The comment indicates that ASIO wants to access a large volume of metadata. Access will not be an occasional thing, it will be commonplace. Many critics of the Government’s data retention plans have called for warrants as the only way users of the system can be held accountable.
Barrister Brett Walker, who retired as the Independent National Security Monitor after the Abbott Government abolished the post in April, said recently that access to customer information such as metadata should require a warrant, just as access to bank account details does.
Irvine said at the Press Club that he did not want Australians to panic, or let terrorism and the response to it “dominate our lives’’. He went to lengths to point out that the comparatively small number of Australian Muslims fighting overseas were not representative of the Australian Muslim community.
“The tiny number of violent extremists, who nevertheless can make a rather big bang, does not represent the Islamic communities of Australia. We’re talking about a few hundred aberrant souls in the community of half a million Muslims and it is grossly unfair to blame Australian Muslims who see themselves as a committed component of Australia’s multicultural society.

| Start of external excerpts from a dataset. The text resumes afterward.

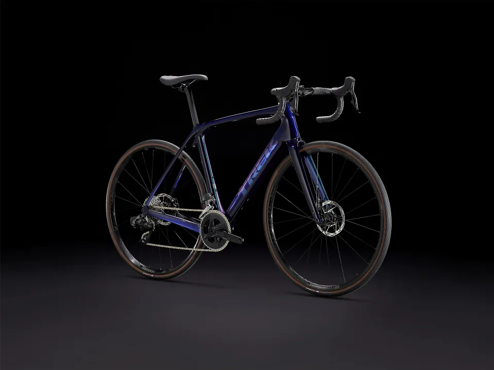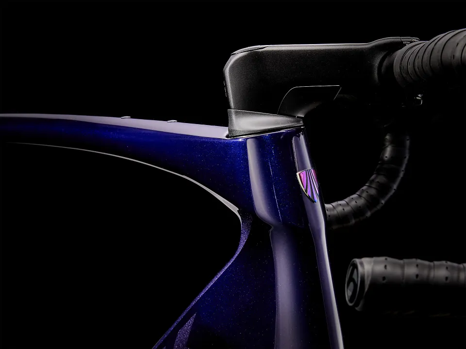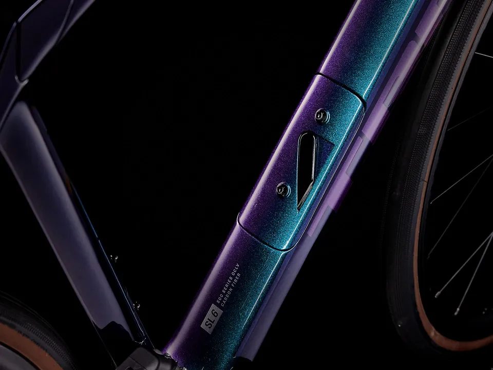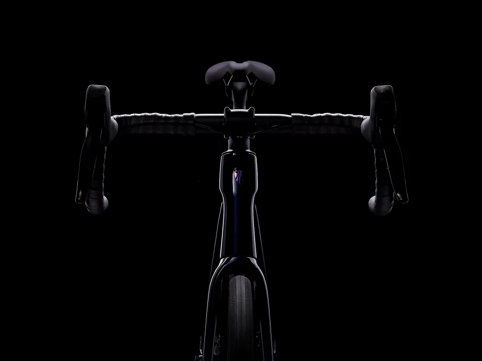 Domane SL karbon, kónický karbonový sloupek, vnitřní vedení brzdových lanek, úchyty na blatníky, kotouč s úchytem Flat Mount, pevná osa 12 x 100 mm
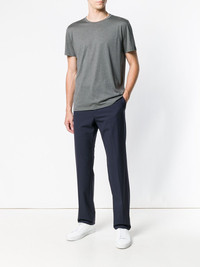 plain tailored trousers Navy blue virgin wool plain tailored trousers from Theory featuring a mid rise, a concealed front fastening, a straight leg, side pockets and back pockets. Imported Composition Virgin Wool 97%, Spandex/Elastane 3% SIZE & FIT Model measurements Height 6 ft 1 in(1.86 m) Bust/Chest 35.43 in(90 cm) Hips 35.43 in(90 cm) Waist 29.92 in(76 cm) Washing instructions Dry Clean Only
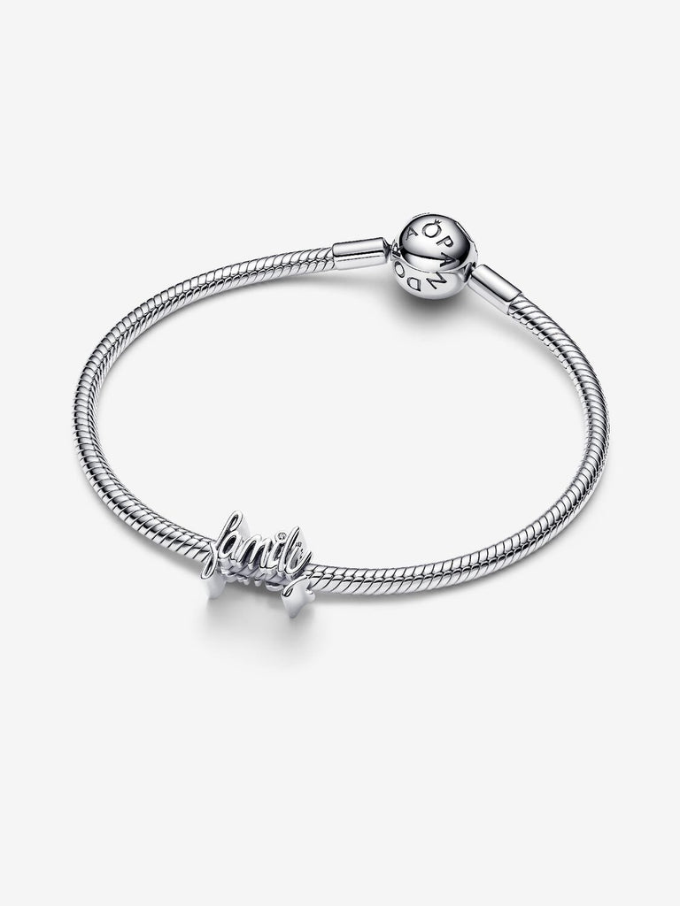 A shining reminder of what matters most. This sterling silver charm features a handwritten 'family' script with a cubic zirconia dot over the ‘i'. Expertly crafted, it’s a timeless tribute to the heart of every story.
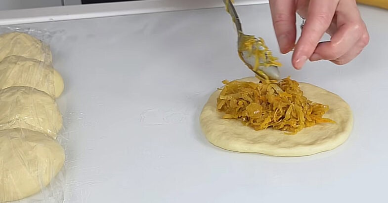 Цього разу я готую пиріжки в духовці з начинкою із свіжої та квашеної капусти. Для начинки я обсмажую цибулю до золотистості, додаю моркву і пасерую до м’якості, потім додаю дрібно нашатковану свіжу капусту, обсмажую до середньої м’якості, всипаю квашену капусту і готую все разом до м’якості або легкої хрусткості. Наприкінці обов’язково солю, перчу, додаю трохи цукру і шматочок вершкового масла для завершення смаку. Начинка має повністю охолонути.

“Not all of Australians currently in Iraq and Syria will return but some tens of Australians have already returned and a good number of these remain of concern to the security authorities.” That was why the Government, and ASIO, need more powers, he said.
Perhaps one of the reasons Irvine is making so many appearances is that he retires in a few weeks, on 14 September, after a distinguished career as a diplomat and head of external security service ASIS. He will be replaced by Duncan Lewis, a former SAS commander, diplomat and senior defence bureaucrat.